Top of Supplied material

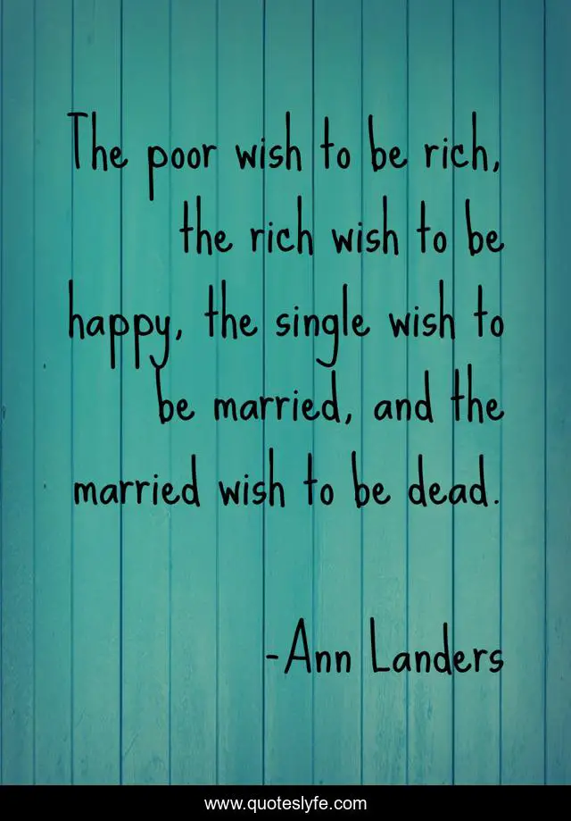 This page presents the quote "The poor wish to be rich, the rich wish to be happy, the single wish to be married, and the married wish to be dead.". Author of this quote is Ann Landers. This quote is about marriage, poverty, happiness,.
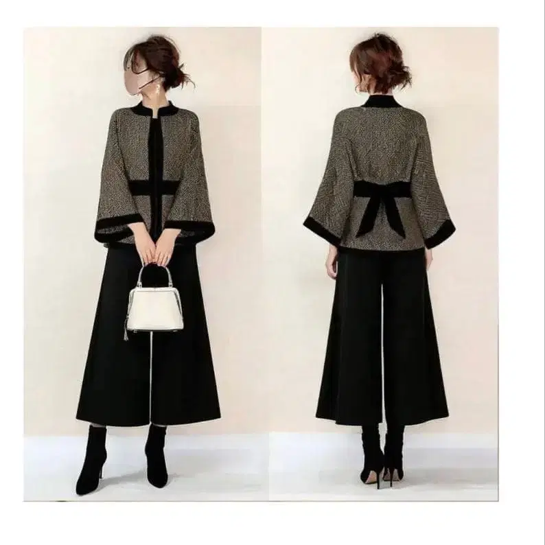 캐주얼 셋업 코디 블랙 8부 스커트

Bottom of Supplied material
Top of Supplied material

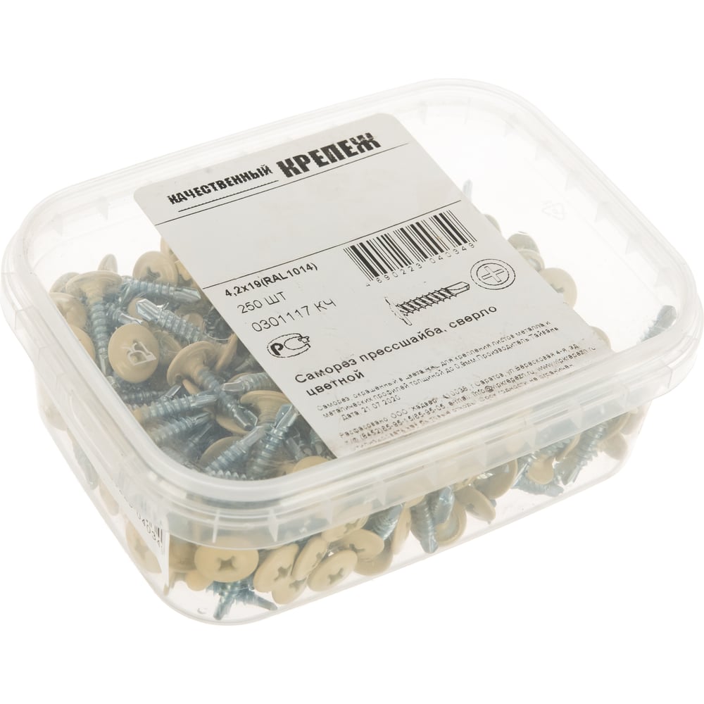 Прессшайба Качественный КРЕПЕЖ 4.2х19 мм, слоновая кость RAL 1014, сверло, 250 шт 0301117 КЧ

Bottom of Supplied material
Top of Supplied material

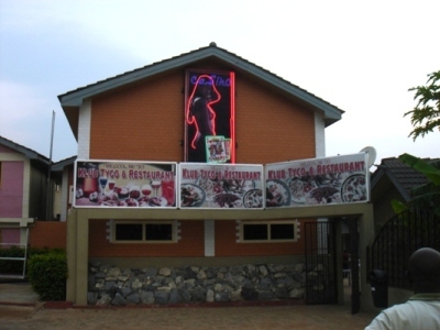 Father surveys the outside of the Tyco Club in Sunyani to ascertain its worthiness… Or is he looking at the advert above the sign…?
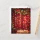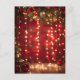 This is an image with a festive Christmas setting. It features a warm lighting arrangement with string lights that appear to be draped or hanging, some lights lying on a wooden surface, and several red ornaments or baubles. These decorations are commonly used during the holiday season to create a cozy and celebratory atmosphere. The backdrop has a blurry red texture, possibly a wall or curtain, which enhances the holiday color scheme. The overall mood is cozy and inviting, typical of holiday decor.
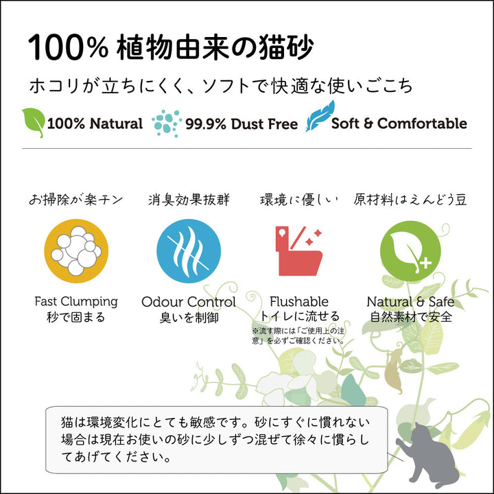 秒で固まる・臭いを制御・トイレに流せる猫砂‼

Bottom of Supplied material

• [About this task] Text only, no pictures: please print exactly the lines above from the line with "This page presents" up to and including the line with "캐주얼 셋업 코디 블랙 8부 스커트", and nothing else.

• [Response]
 This page presents the quote "The poor wish to be rich, the rich wish to be happy, the single wish to be married, and the married wish to be dead.". Author of this quote is Ann Landers. This quote is about marriage, poverty, happiness,.
 캐주얼 셋업 코디 블랙 8부 스커트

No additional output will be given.